ABOUT THIS TASK
Restate word for word the section of the entries that opens at the line containing "Bryner Chevrolet is" and closes at the line containing "Stick & Ball", both lines kept, pictures dropped.

>>

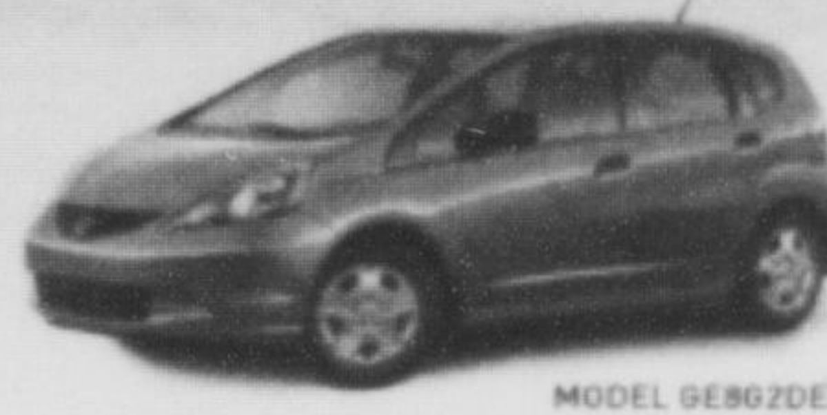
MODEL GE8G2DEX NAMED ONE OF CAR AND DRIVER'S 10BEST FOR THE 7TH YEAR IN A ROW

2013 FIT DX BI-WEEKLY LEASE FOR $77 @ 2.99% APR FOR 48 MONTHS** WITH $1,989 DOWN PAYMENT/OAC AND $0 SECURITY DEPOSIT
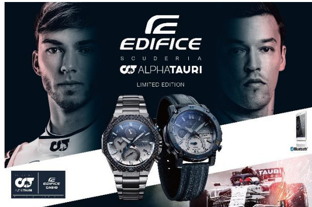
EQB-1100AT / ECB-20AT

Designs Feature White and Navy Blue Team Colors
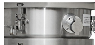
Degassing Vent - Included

<<
>>

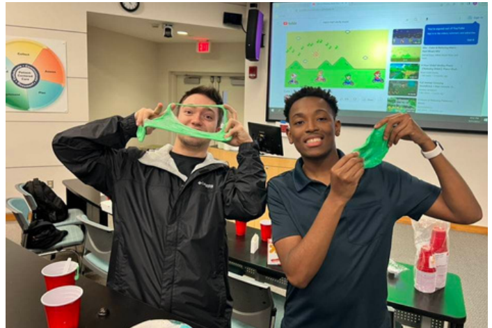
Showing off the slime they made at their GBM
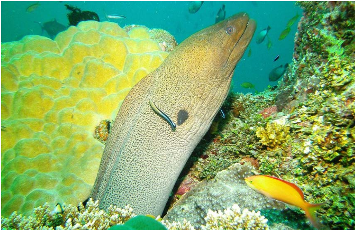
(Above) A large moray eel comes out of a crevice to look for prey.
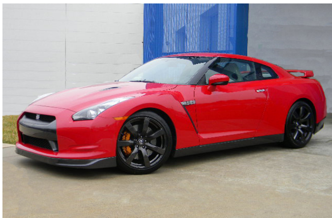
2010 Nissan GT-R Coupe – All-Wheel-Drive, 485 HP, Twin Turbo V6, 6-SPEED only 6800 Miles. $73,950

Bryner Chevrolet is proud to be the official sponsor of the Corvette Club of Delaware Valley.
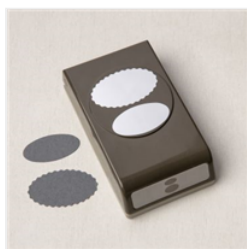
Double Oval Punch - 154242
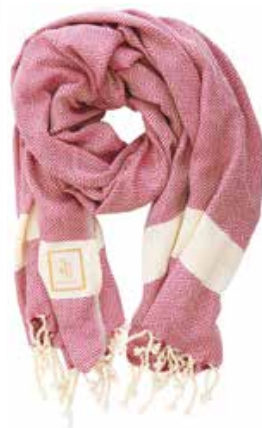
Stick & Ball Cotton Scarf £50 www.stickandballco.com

<<

RESPONSE TO THE EXERCISE
Bryner Chevrolet is proud to be the official sponsor of the Corvette Club of Delaware Valley.
Double Oval Punch - 154242
Stick & Ball Cotton Scarf £50 www.stickandballco.com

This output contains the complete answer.